Task item
A word-for-word reproduction of the data below is needed, with no pictures in it.

Provided material
+++++

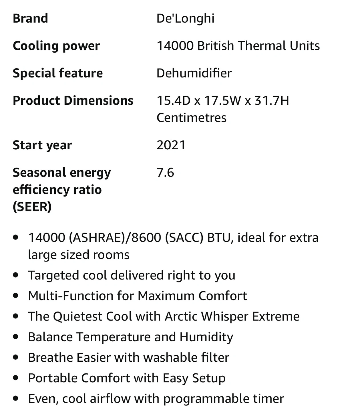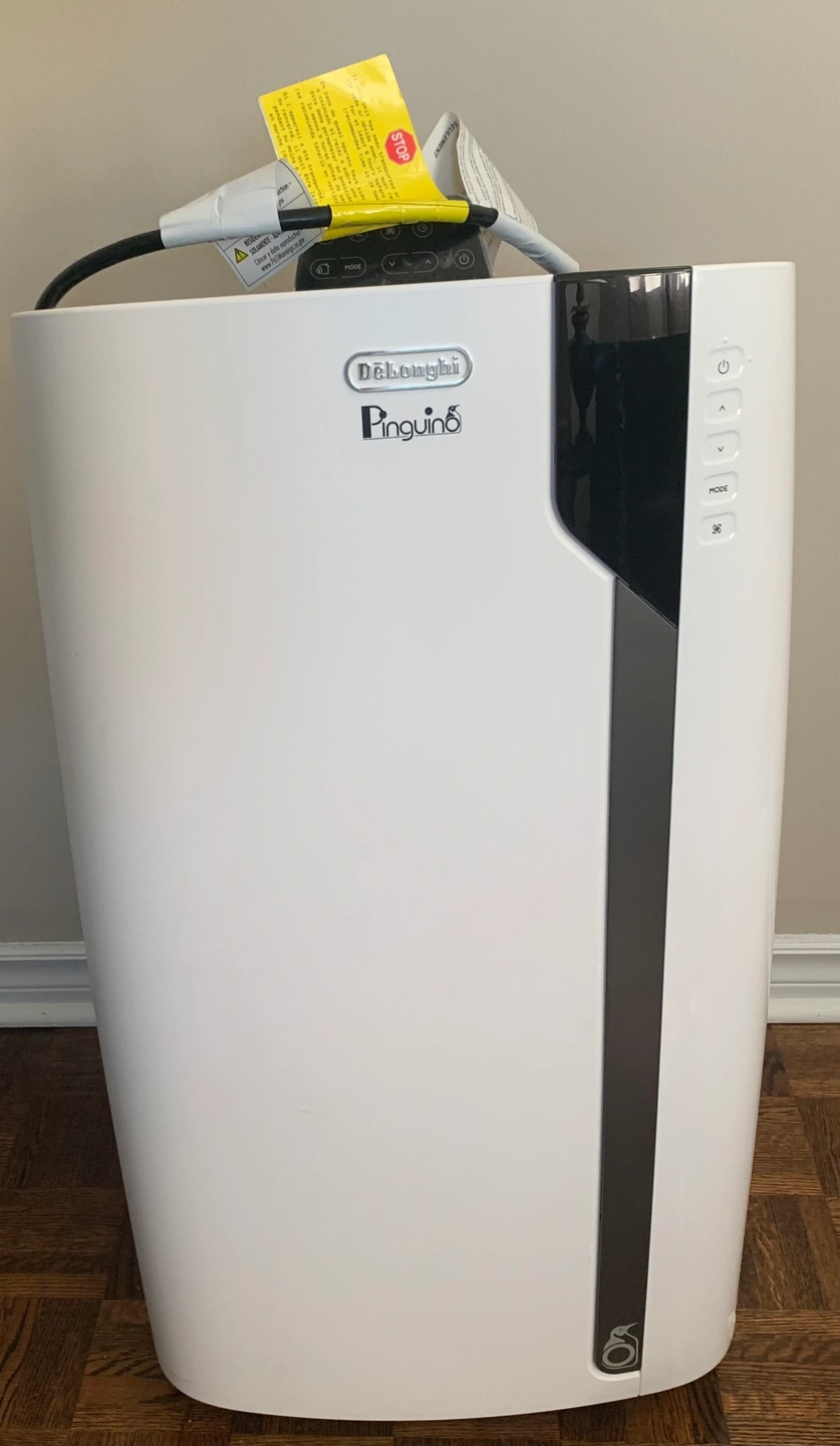 Used like new De'Longhi Portable Air Conditioner 14,000 BTU,cool extra large rooms up to 700sqft,remote,energy saving mode,extremely quiet,dehumidifier,fan,programmable, along with the TURBRO Portable Air Conditioner Exhaust Hose, also included gulrear Slide door kit plate which is adjustable for any type of window. Bought it last summer and used only for 1 month. Works perfectly and cools down pretty quickly and very well the apartment/room. Originally purchased 785 + tax. It has only a scratch on the side (barely noticeable) done during storage period.
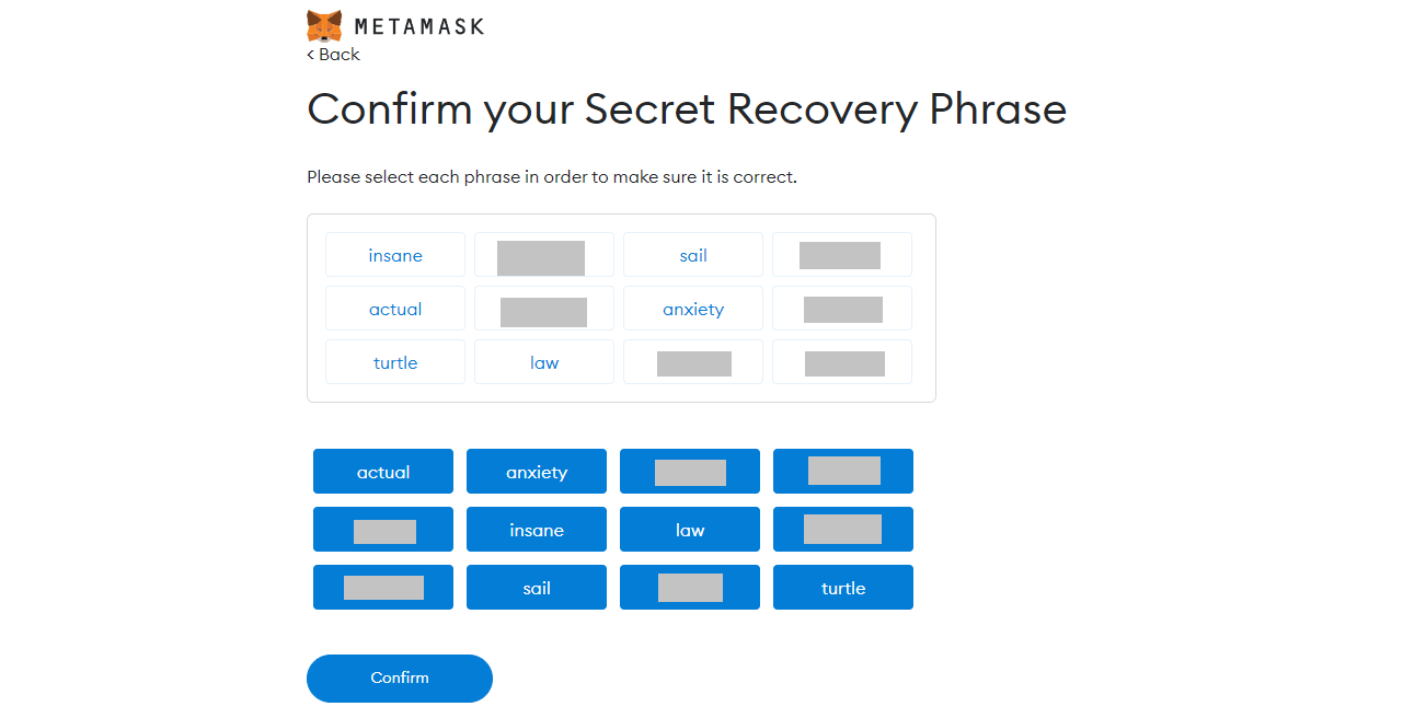 Select Next, you will then be asked to select the words in the correct order, once complete, you should be able to select Confirm.
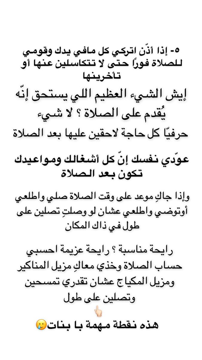 ودي اليوم بنات نراجع أنفسنا ونشوف كيف وضعنا مع الصلاة؟
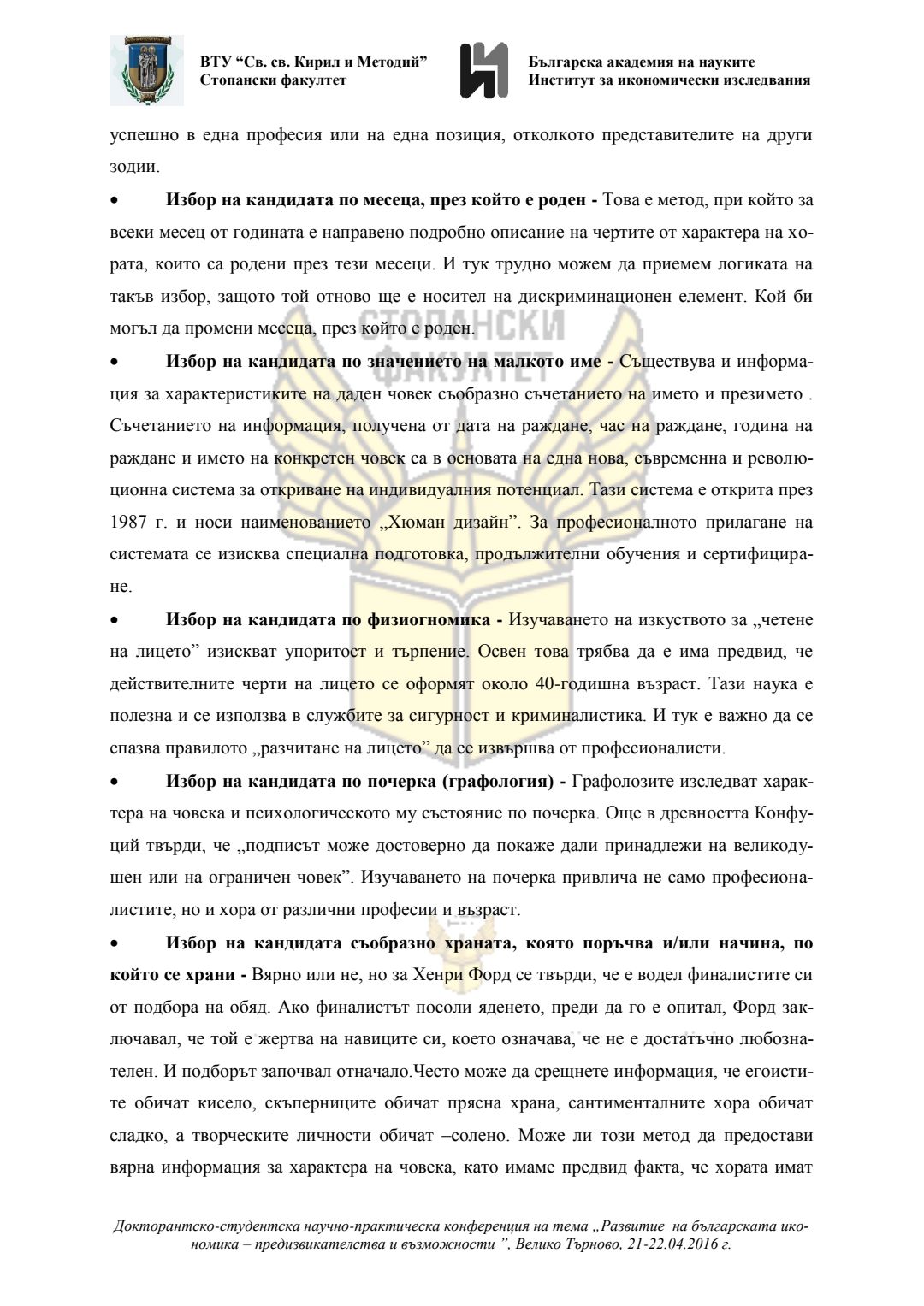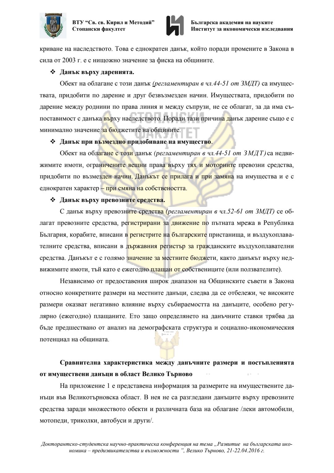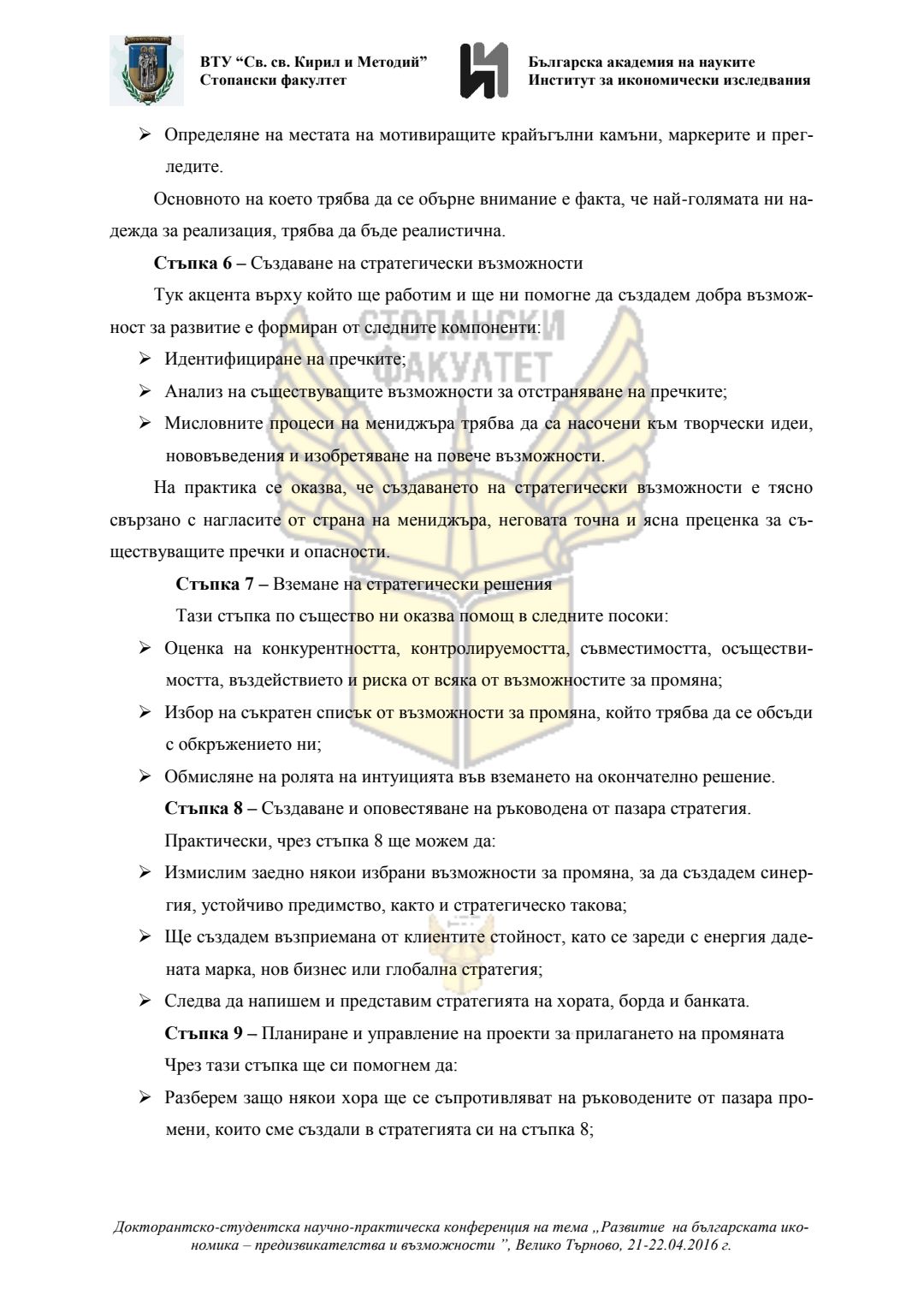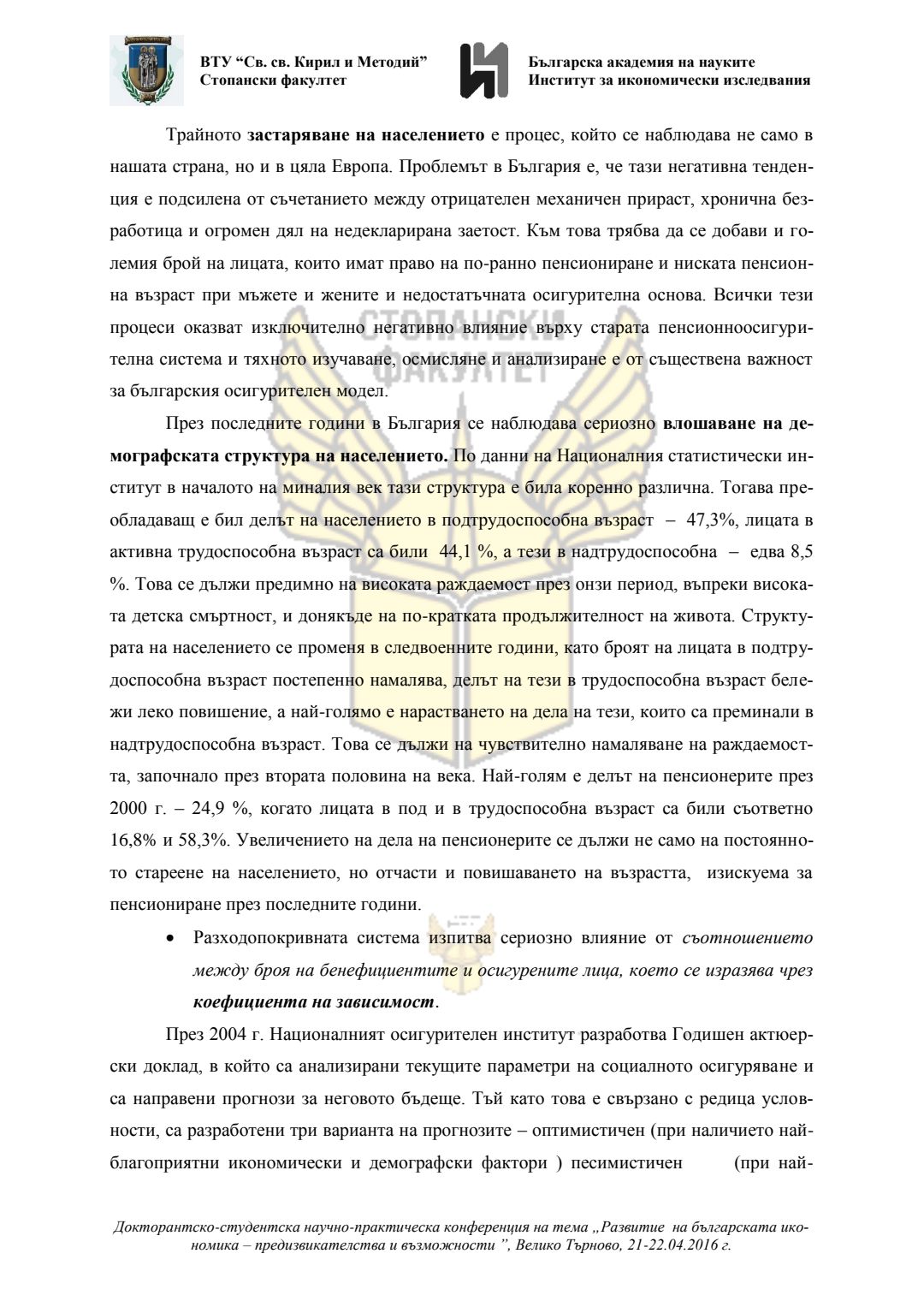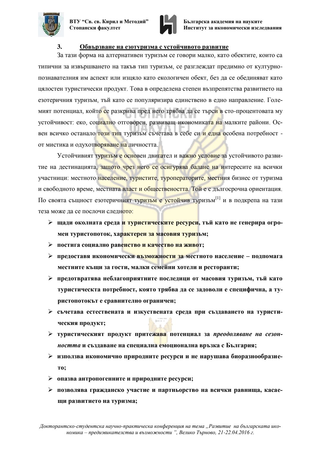 Докторантско-студентска научно-практическа конференция "Развитие на българската икономика - предизвикателства и възможности", 21 април 2016 г., Велико Търново : сборник с доклади

+++++

Exercise response
 Used like new De'Longhi Portable Air Conditioner 14,000 BTU,cool extra large rooms up to 700sqft,remote,energy saving mode,extremely quiet,dehumidifier,fan,programmable, along with the TURBRO Portable Air Conditioner Exhaust Hose, also included gulrear Slide door kit plate which is adjustable for any type of window. Bought it last summer and used only for 1 month. Works perfectly and cools down pretty quickly and very well the apartment/room. Originally purchased 785 + tax. It has only a scratch on the side (barely noticeable) done during storage period.
 Select Next, you will then be asked to select the words in the correct order, once complete, you should be able to select Confirm.
 ودي اليوم بنات نراجع أنفسنا ونشوف كيف وضعنا مع الصلاة؟
 Докторантско-студентска научно-практическа конференция "Развитие на българската икономика - предизвикателства и възможности", 21 април 2016 г., Велико Търново : сборник с доклади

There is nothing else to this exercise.